Generally, all of these custom shafts have greater torsional stiffness than their stock shaft counterparts, or in equipment-speak "less torque." According to John Oldenburg, head of research and development for Aldila, "Torque is the most expensive thing to control in the manufacturing process." Not coincidentally, today's increasingly large titanium clubheads place more stress on the shaft than ever, especially at the tip end.

Al Jackson, president and chief of design for AJ Tech shafts, believes lower-torque shafts help all golfers. "Excessive torque reduces accuracy, because it makes the clubhead twist off-line on off-center hits," he says. "Because high-handicappers mis-hit the ball more often than pros, they may benefit from a better shaft even more."

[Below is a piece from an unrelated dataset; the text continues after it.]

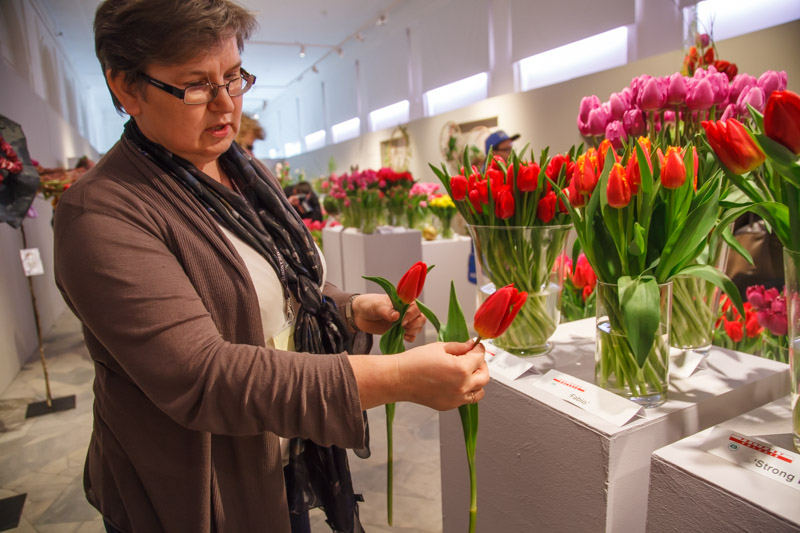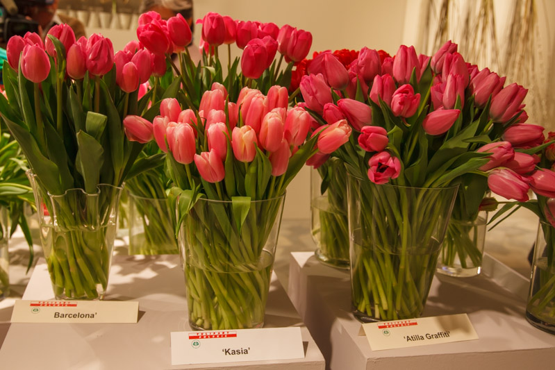 Warszawska wystawa jest zasługą ogrodników, członków SPORC, którzy to właśnie dostarczyli kwiaty do prezentacji. W tym roku przyczyniło się do tego aż 19 gospodarstw. Asortyment odmian był bardzo zróżnicowany, i nie brakowało wśród nich wielu nowych bardzo atrakcyjnych kreacji. Ciekawa i dobrze zaplanowana forma ich prezentacji budziła tylko dodatkowy zachwyt zwiedzających. W sposób szczególny wyeksponowano odmianę ‘Anna Komorowska’, gdyż to właśnie małżonka Prezydenta RP sprawowała patronat honorowy nad wystawą. W tym roku, jak przypomniała dr hab. Jadwiga Treder, Wystawa Tulipanów odbywała się po raz 6, w tym po raz 4 w oranżerii wilanowskiego pałacu. Pierwsza wystawa zlokalizowana była w tzw. kuchni pałacowej i miała dość kameralny charakter. Duże zainteresowanie przekonało nas, jak również dyrekcję Pałacu w Wilanowie, o potrzebie takich imprez. Przy drugiej edycji zorganizowaliśmy ją już w sali samego pałacu, ale reżim związany z ochroną zabytkowych pomieszczeń i eksponatów, jak również brak możliwości wykonywania zdjęć, również nie do końca spełniał nasze oczekiwania. Począwszy od III edycji Wystawy, orgaznizowana jest tu w Oranżerii i miejsce to okazuje się bardzo dobrym punktem do prezentacji tulipanów. Co roku staramy się też zaskakiwać naszych gości, odmienną formą prezentacji tych kwiatów i innymi atrakcyjnymi punktami  wystawy – przypomniała dr. J. Treder.

But don't go overboard. "Only golfers with a very aggressive downswing, a very delayed release and a swing speed greater than 120 miles per hour should consider a torque measurement under 2.5 degrees," says Golf Digest Technical Panel member Tom Wishon, president of Tom Wishon Golf Technology.

The most tangible benefit of the shaft explosion might just be the supply of so many viable options. Benoit Vincent, vice president of research and development at TaylorMade, says even the 12 stock shafts in his company's line don't guarantee a perfect fit. "It's not a matter of custom shafts being better than stock shafts," Vincent says, "it's a matter of them being different and therefore complementary to what's already available."

Tom Cook Sr., 2002 Professional Clubmakers' Society International Clubmaker of the Year, says fitting the average golfer can be even more demanding than fitting the best pros, because with average golfers a clubfitter has basically one chance to get it right. Fortunately, the best clubfitters not only have a lot of shafts at their disposal, they have launch monitors and computer swing analyzers that can match the right shaft to the right swing. But don't expect the impossible.